In an existentialist vein, Baldwin claimed in his letter to Angela Davis that the connection between knowing and acting is normatively necessary:

 

Some of us, white and Black, know how great a price has already been paid to bring into existence a new consciousness, a new people, an unprecedented nation. If we know, and do nothing, we are worse than the murderers hired in our name.
If we know, then we must fight for your life as though it were our own—which it is—and render impassable with our bodies the corridor to the gas chamber. For, if they take you in the morning, they will be coming for us that night.

 

Back to poetry. In 1991, Adrienne Rich retook the poetic and militant conversation started by Brecht in 1939 and wrote this poem, “What Kind of Times Are These”:

 

There’s a place between two stands of trees where the grass grows uphill
and the old revolutionary road breaks off into shadows
near a meeting-house abandoned by the persecuted
who disappeared into those shadows.

I’ve walked there picking mushrooms at the edge of dread, but don’t be fooled
this isn’t a Russian poem, this is not somewhere else but here,
our country moving closer to its own truth and dread,
its own ways of making people disappear.

I won’t tell you where the place is, the dark mesh of the woods
meeting the unmarked strip of light—
ghost-ridden crossroads, leafmold paradise:
I know already who wants to buy it, sell it, make it disappear.

And I won’t tell you where it is, so why do I tell you
anything?

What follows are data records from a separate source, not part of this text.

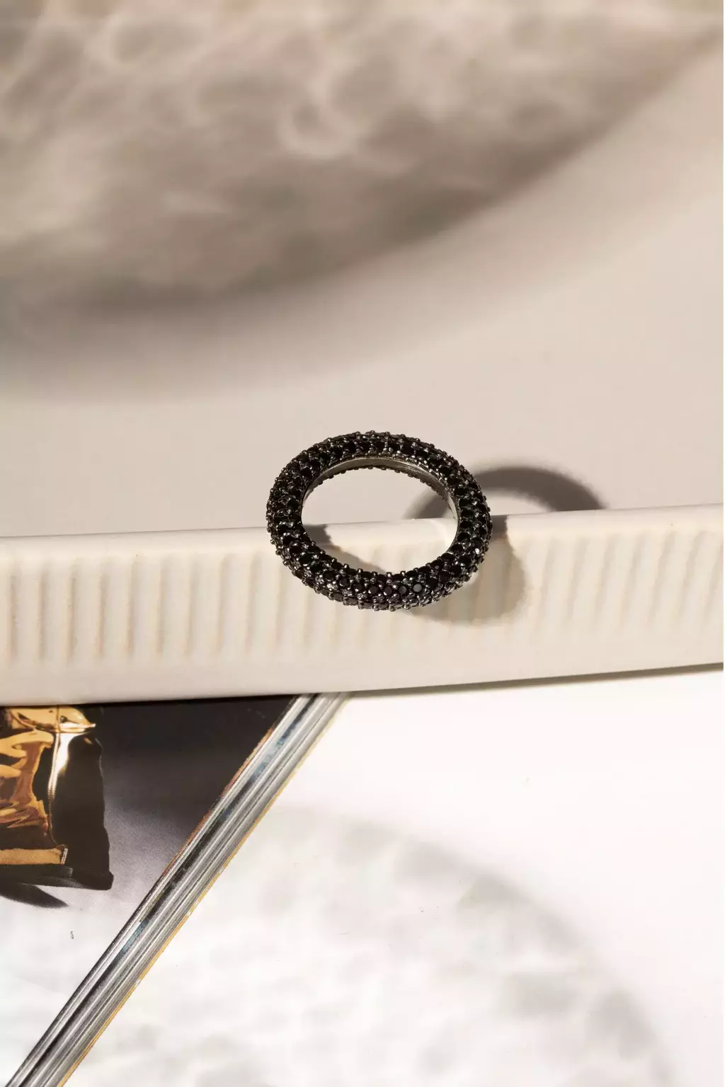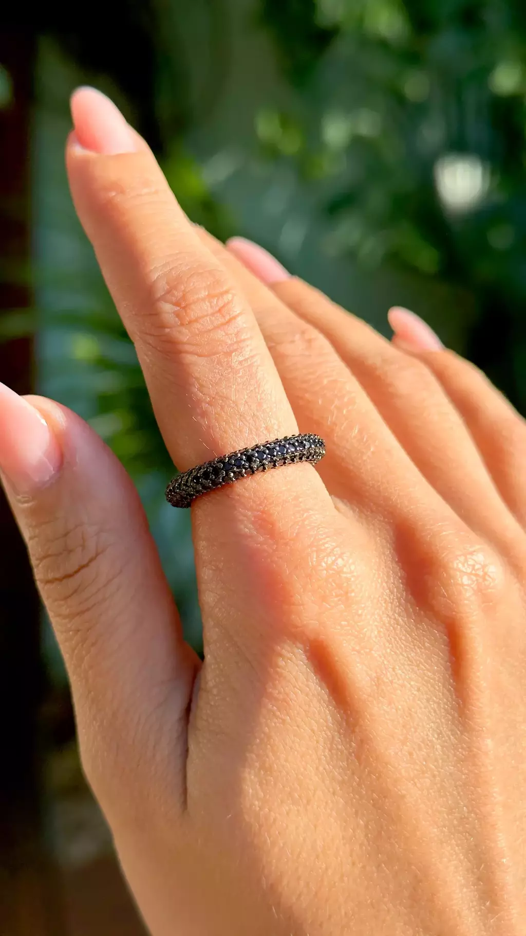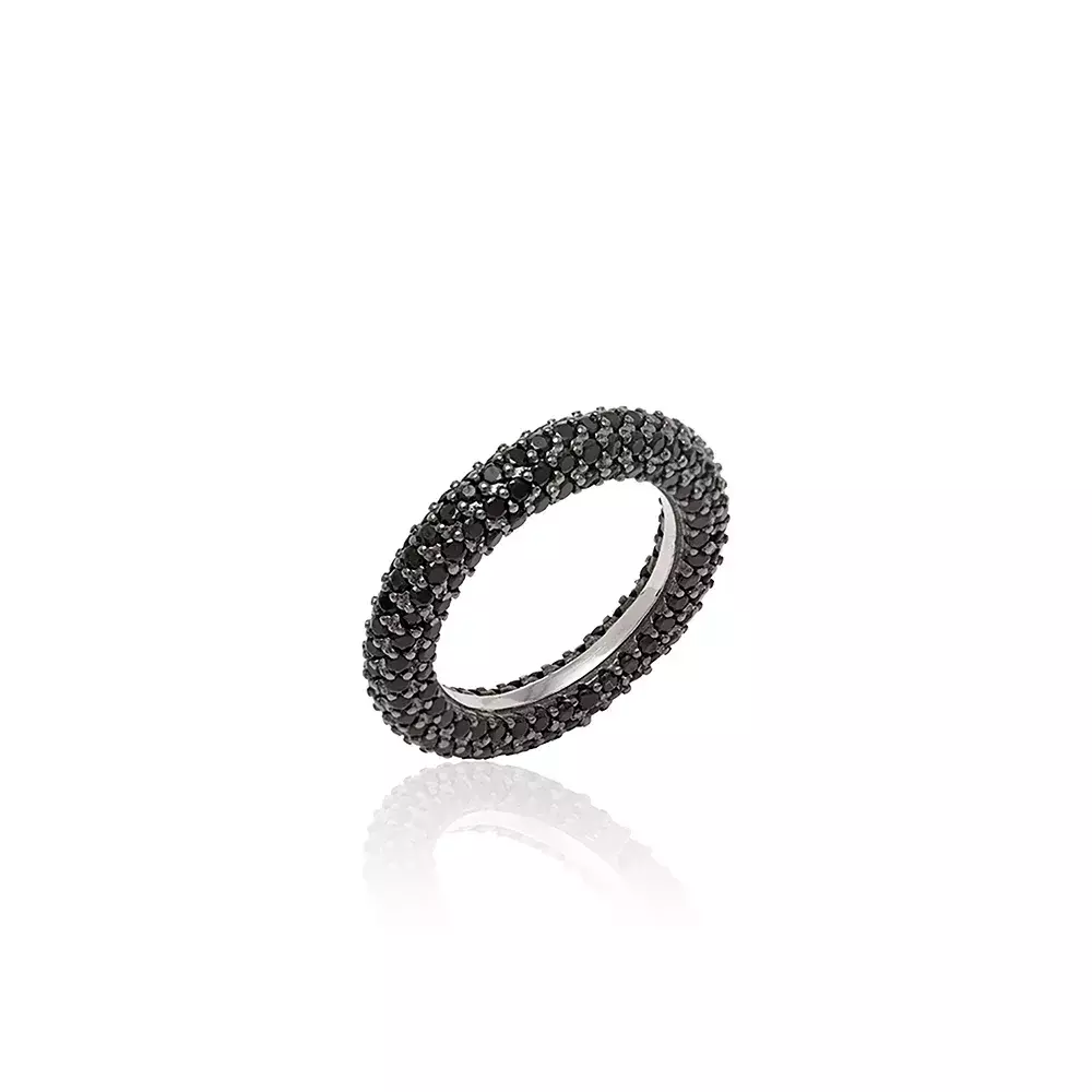 ANEL ZIRCONIA NEGRA 5 LINHAS TODA CRAVEJADA PRATA 925
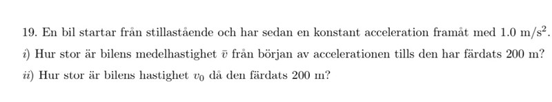 Annanspizza skrev:Ture skrev:e vanliga sambanden mellan sträcka, hastighet, acceleration och tid brukar vara användbara. Om manbara kommer ihåg:
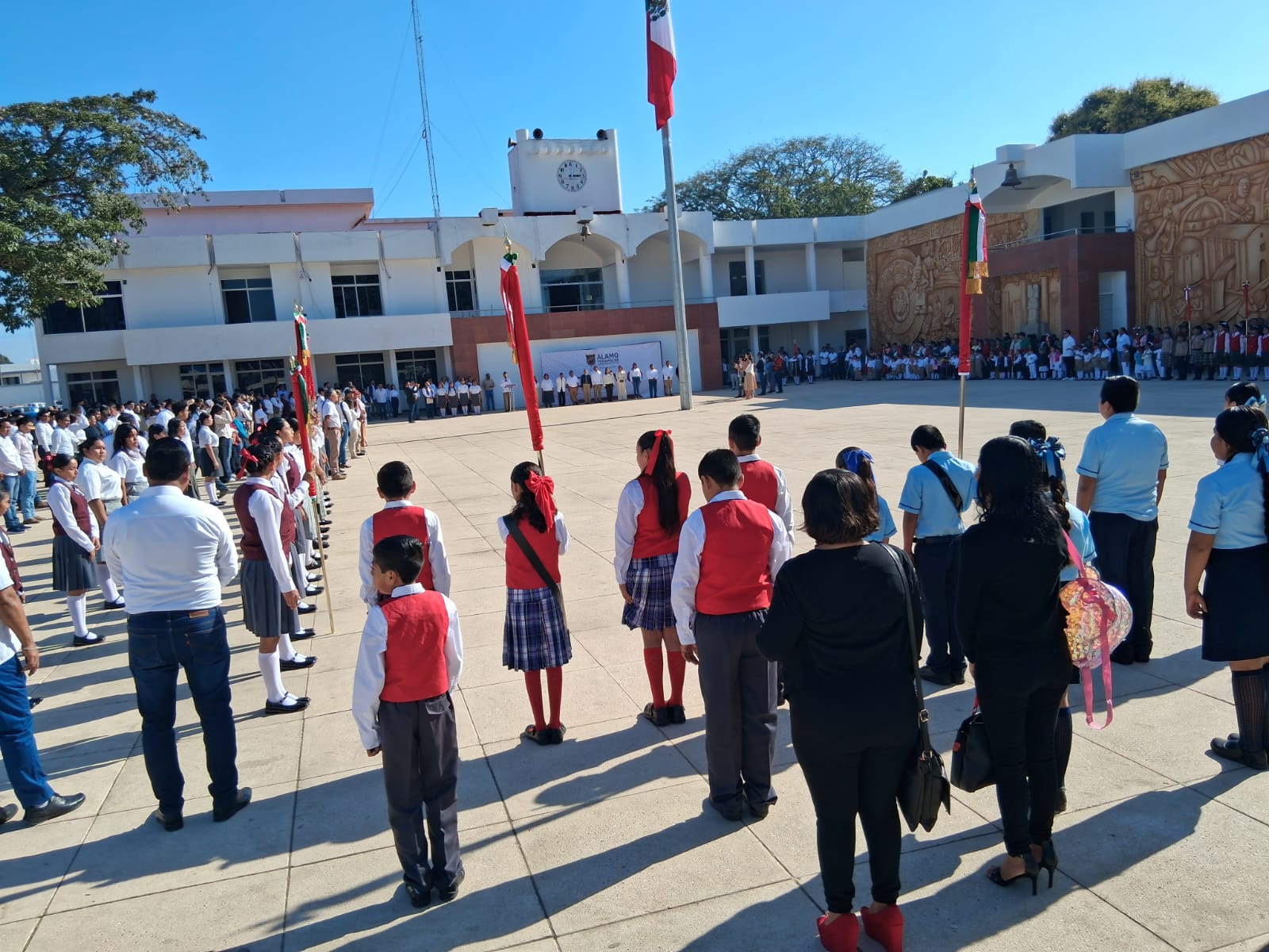 Durante la ceremonia se realizó el abanderamiento de 30 planteles educativos de todos los niveles, cuyos lábaros patrios fueron entregados por el alcalde, integrantes del Cabildo y funcionarios municipales. El acto fue organizado por directivos, docentes y estudiantes del CECyTEV Plantel 18 La Camelia, en coordinación con el Ayuntamiento.
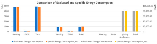 Table 4 and Figure 9 compare energy consumption measured under standard conditions [39] and consumption derived from analysing energy bills. The energy model is calibrated by incorporating the actual period during which buildings were utilised, the operational time of systems, and actual climatic data. This calibration is expressed through the correction factor. The difference between the initial energy model and the corrected one should be less than 5% to deem the analysis accurate [20].
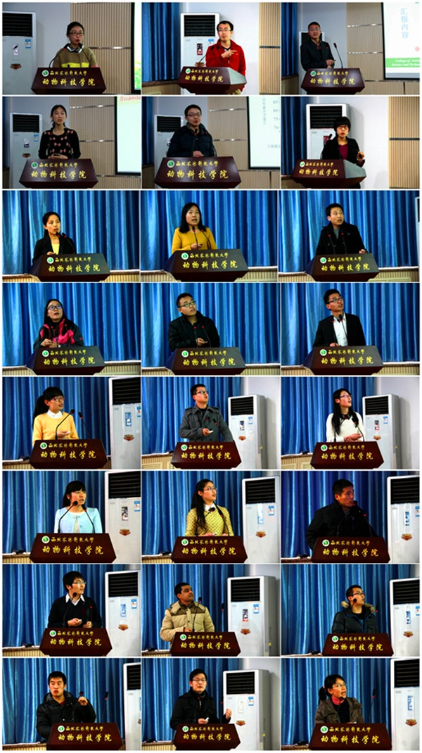 学术报告分别由吉红教授、徐秀容、杨小军、张建勤副教授主持。来自中国农业大学、兰州大学、华中农业大学、华南农业大学、甘肃农业大学以及本校共24位博士生分别做了精彩的学术报告。周小秋教授等七位评审对各位博士生的报告进行了点评,在肯定了他们论文选题、研究方法等方面可取之处的同时,针对他们在科研思路、研究方法、结论凝练等方面存在的问题提出了相关建议。最终根据专家组的现场打分,我校水生生物学专业朱斌同学、中国农业大学草学专业陈文青同学获一等奖;我校草学专业付娟娟、动物遗传育种与繁殖专业吕英华、中国农业大学动物营养与饲料专业时梦、甘肃农业大学动物医学工程专业潘阳阳同学获二等奖;我校动物学专业姜碧杰、动物营养与饲料科学专业孙菲菲、李世召,以及中国农业大学草学专业郭艳萍、动物营养与饲料加工专业李昌武、兰州大学草学专业段慧荣同学获三等奖。
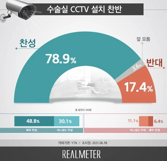 수술실에 CCTV를 설치하는 법안을 두고 민주당은 찬성, 국민의힘은 신중론을 펴는 가운데 YTN이 리얼미터에 의뢰해 수술실 CCTV 설치에 대한 의견을 물은 결과, 10명 가운데 8명은 찬성한다고 응답했습니다. 반대 의견은 17.4%입니다.
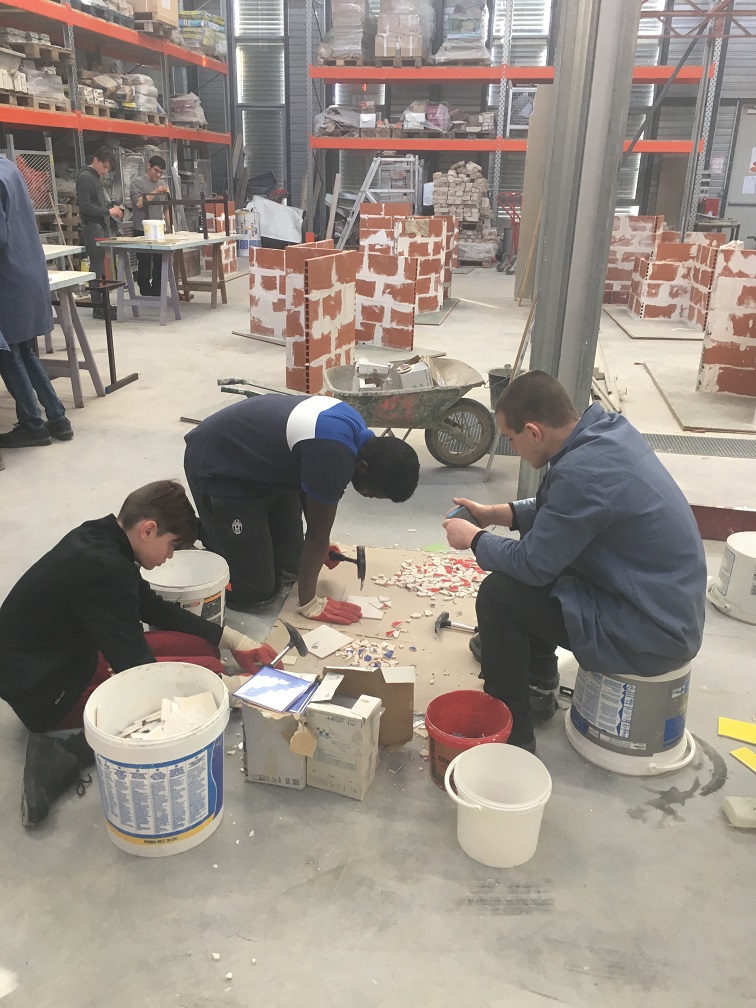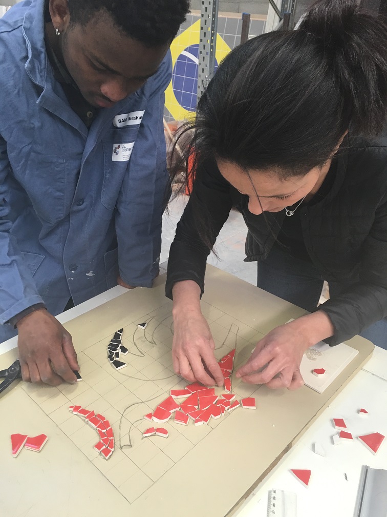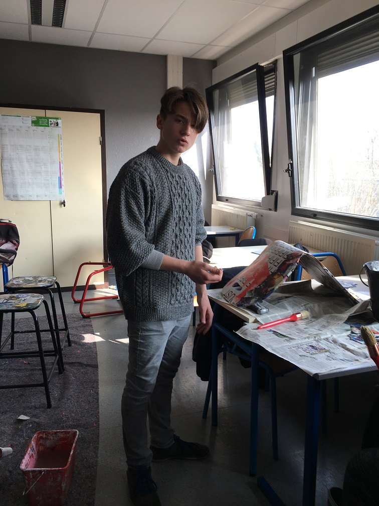 Dans ce cadre, les élèves ont décidé de s’inscrire dans une démarche de développement durable en utilisant des matériaux recyclés (journaux, carrelage, peinture etc…) et/ou biologiques (colle, vernis…).
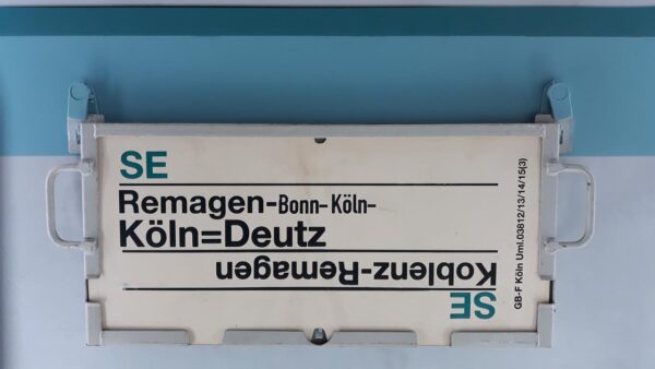 SE Köln-Oberbarmen Startseite Zuglaufschilder Nahverkehr StadtExpress SE Köln-Oberbarmen Vorheriger Zuglaufschild SE Wuppertal-Köln Nächster Zuglaufschild SE Remagen-Köln=Deutz

Because you still listen, because in times like these
to have you listen at all, it’s necessary
to talk about trees.

 

I like the point suggested by Rich: even if everything has already been said, that doesn’t mean it has been heard. What has been said a thousand times may still remain unheard-of. I add: even if there is someone listening, that doesn’t mean that they understand; and even if they listen and understand, that doesn’t mean that they care enough about what they are being told.

It is hard to believe in words but maybe there are a few times when talking about it (whatever this “it” is) is a revolutionary action. And sometimes it is the only thing there is to do.

Here’s a picture of some trees in Buenos Aires I took this morning, while lying on the grass to take a break from the disastrous situation we are living now in Argentina under this far-right government and from my daily militancy. (It is not a good picture in aesthetic terms, just my view from somewhere).

 

 

 

{ 15 comments }

1

Gareth Richard Samuel Wilson 10.31.24 at 1:43 am

If 55.7% of the electorate vote for you, by definition you can’t be “far-right”. At least not in the context of that particular country.

2

David in Tokyo 10.31.24 at 7:51 am

Hey, photographs are important, too!
And since you mentioned 1970, here’s a pic I took in 1970:

https://a4.pbase.com/g3/29/138229/2/119895297.UwTU2d2A.jpg

(Or if that link doesn’t work, to the web page.)

https://pbase.com/davidjl/image/119895297

3

Macarena Marey 10.31.24 at 12:06 pm

wow, thanks! cool pic!

4

Macarena Marey 10.31.24 at 12:07 pm

wow, you really don’t have anything to do, do you?

5

John Q 10.31.24 at 7:31 pm

Lovely post. Worth remembering that bad times have come and gone before, and remembering those who spoke out before us.

6

nastywoman 11.01.24 at 2:24 pm

@ ‘If 55.7% of the electorate vote for you, by definition you can’t be “far-right”.

Does that mean – the German Nazis never were ”far right”?

7

Gareth Richard Samuel Wilson 11.01.24 at 6:30 pm

The highest vote the Nazis got in a free election was 37.3%, so they can reasonably be described as “far-right”, even in the context of 1930s Germany.

8

lathrop 11.03.24 at 2:35 am

‘If 55.7% of the electorate vote for you, by definition you can’t be “far-right”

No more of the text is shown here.